Carter first contends the trial court committed reversible error by refusing to suppress his custodial confession. Below, Carter argued his statement resulted from an illegal arrest. He also argued other grounds, including the police officers improperly failed to advise him of his rights, they denied him counsel, and failed to obtain an informed and voluntary waiver of his right against self-incrimination. The trial court held an in camera hearing on Carter’s suppression motion, and the trial court rendered its rulings at the end of that hearing. Carter has abstracted none of this lengthy hearing, and even though the record reflects three and one-half pages, setting out the trial court’s rulings concerning Carter’s custodial statements, Carter has abstracted none of them.

Carter’s abstracting deficiency extends to his second argument on appeal as well.
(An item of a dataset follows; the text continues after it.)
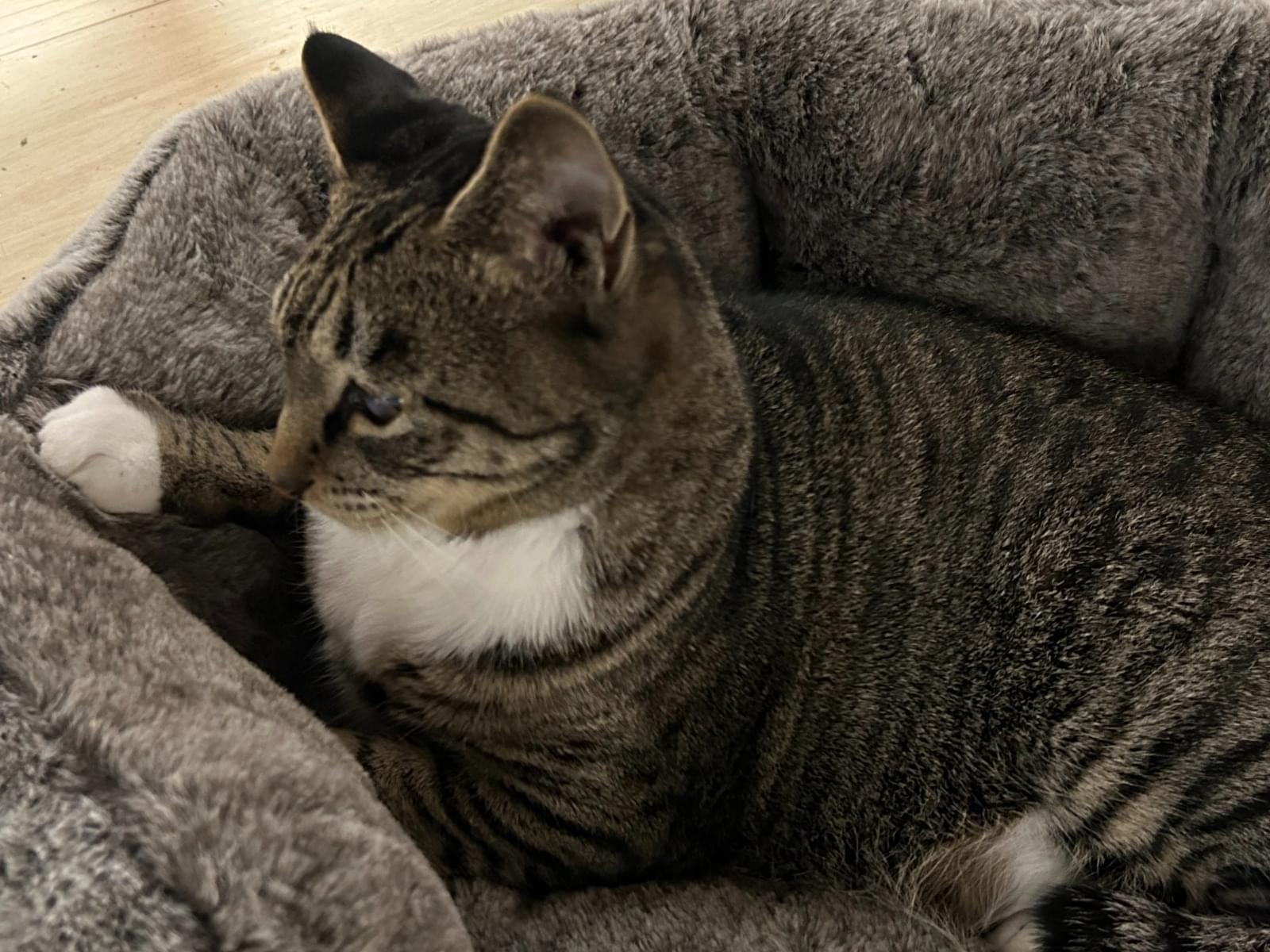 キジトラ(♀)で、お腹と足の先は白いです。さくら市の喜連川工業団地、さくら市松島周辺での情報を探しています。左目と後足に不自由あります。人懐っこい性格です。どうぞよろしくお願いしますm(__)m

At trial, Carter objected to the admission of his confession, claiming the waiver-of-rights form he signed prior to giving his statement failed to comply with Ark. Code Ann. § 9-27-317(g)(2)(A) (Supp. 1995).1 Again, Carter’s abstract fails to reflect that part of the record dealing with the trial court’s ruling on the § 9-27-317(g) (2) (A) issue.

Under Ark. Sup. Ct. R. 4-3 (g), it is the duty of the appellant in a criminal case to abstract such parts of the record which are material to the points argued in appellant’s brief. Manning v. State, 318 Ark. 1, 883 S.W.2d 455 (1994). Appellant’s failure to abstract such material parts of the record precludes this court from considering those points on appeal. Jackson v. State, 316 Ark. 509, 872 S.W.2d 400 (1994). Because Carter’s abstract is flagrantly deficient, we affirm pursuant to Ark. Sup. Ct. R. 4-2 (b)(2). See Haynes v. State, 313 Ark. 407, 855 S.W.2d 313 (1993).

No law enforcement officer shall question a juvenile who has been taken into custody for a delinquent act or criminal offense if the juvenile has indicated in any manner that he:

(i) Does not wish to be questioned;
(ii) Wishes to speak with a parent or guardian or to have a parent or guardian present; or
(iii) Wishes to consult counsel before submitting to any questioning.